In the data below, set down exactly the lines from the one containing "Wolf Designs' premium" up to and including the one containing "目前在許多前沿領(lǐng)". Leave the pictures out.

───── Given data

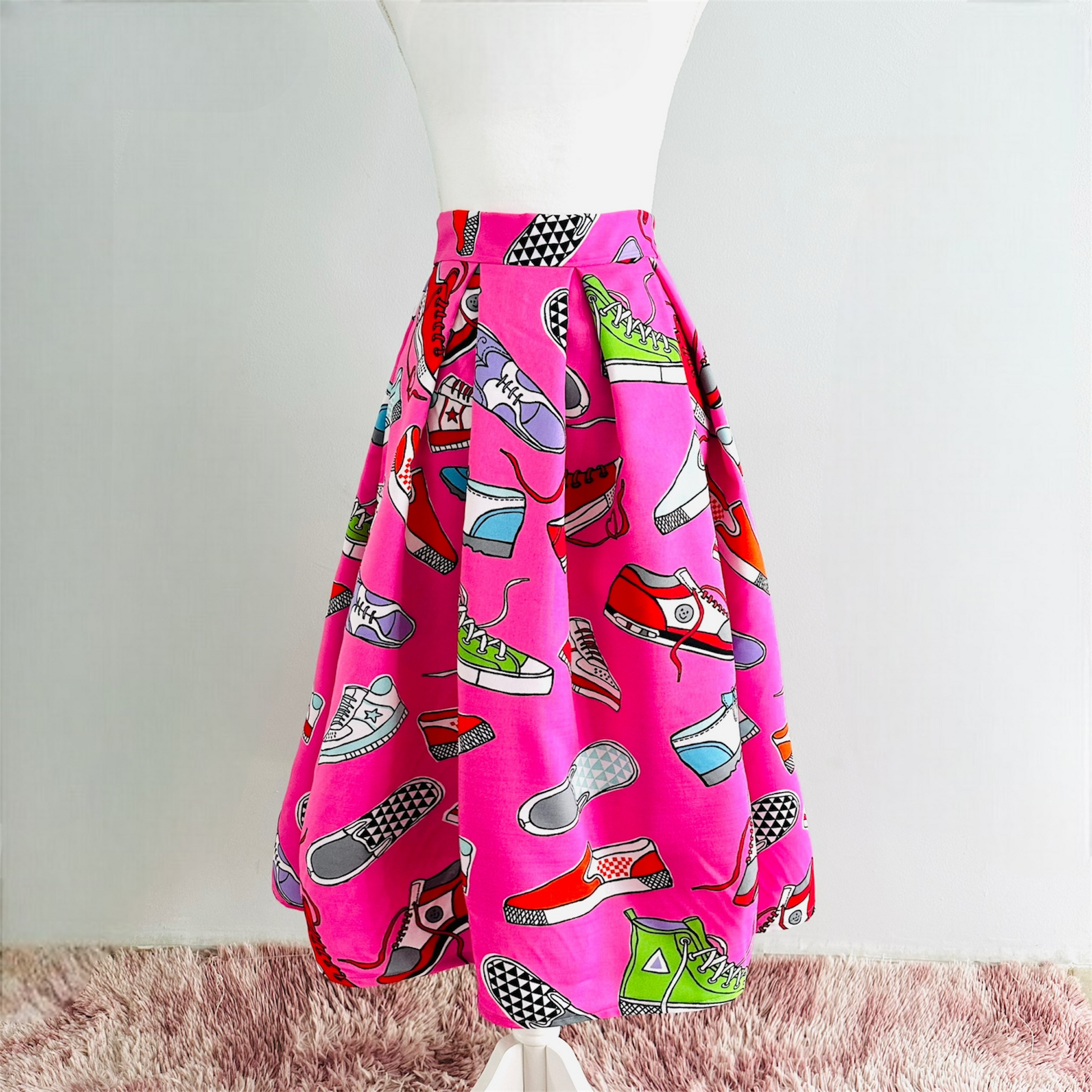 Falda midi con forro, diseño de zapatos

──────────
───── Given data

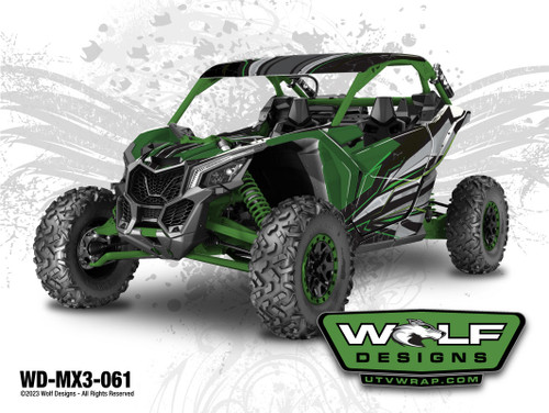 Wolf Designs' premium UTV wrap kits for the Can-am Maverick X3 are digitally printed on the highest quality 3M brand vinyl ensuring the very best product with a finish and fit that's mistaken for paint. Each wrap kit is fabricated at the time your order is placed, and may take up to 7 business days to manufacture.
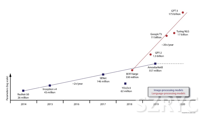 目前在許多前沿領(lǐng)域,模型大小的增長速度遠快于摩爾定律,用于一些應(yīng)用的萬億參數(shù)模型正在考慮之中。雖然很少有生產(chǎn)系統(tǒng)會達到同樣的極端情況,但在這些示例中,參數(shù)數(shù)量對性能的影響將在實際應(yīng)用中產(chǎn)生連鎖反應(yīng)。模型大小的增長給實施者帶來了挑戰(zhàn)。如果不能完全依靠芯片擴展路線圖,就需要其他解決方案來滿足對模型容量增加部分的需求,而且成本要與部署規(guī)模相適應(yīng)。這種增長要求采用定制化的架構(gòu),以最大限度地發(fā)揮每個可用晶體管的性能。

──────────

Solution ::
 Wolf Designs' premium UTV wrap kits for the Can-am Maverick X3 are digitally printed on the highest quality 3M brand vinyl ensuring the very best product with a finish and fit that's mistaken for paint. Each wrap kit is fabricated at the time your order is placed, and may take up to 7 business days to manufacture.
 目前在許多前沿領(lǐng)域,模型大小的增長速度遠快于摩爾定律,用于一些應(yīng)用的萬億參數(shù)模型正在考慮之中。雖然很少有生產(chǎn)系統(tǒng)會達到同樣的極端情況,但在這些示例中,參數(shù)數(shù)量對性能的影響將在實際應(yīng)用中產(chǎn)生連鎖反應(yīng)。模型大小的增長給實施者帶來了挑戰(zhàn)。如果不能完全依靠芯片擴展路線圖,就需要其他解決方案來滿足對模型容量增加部分的需求,而且成本要與部署規(guī)模相適應(yīng)。這種增長要求采用定制化的架構(gòu),以最大限度地發(fā)揮每個可用晶體管的性能。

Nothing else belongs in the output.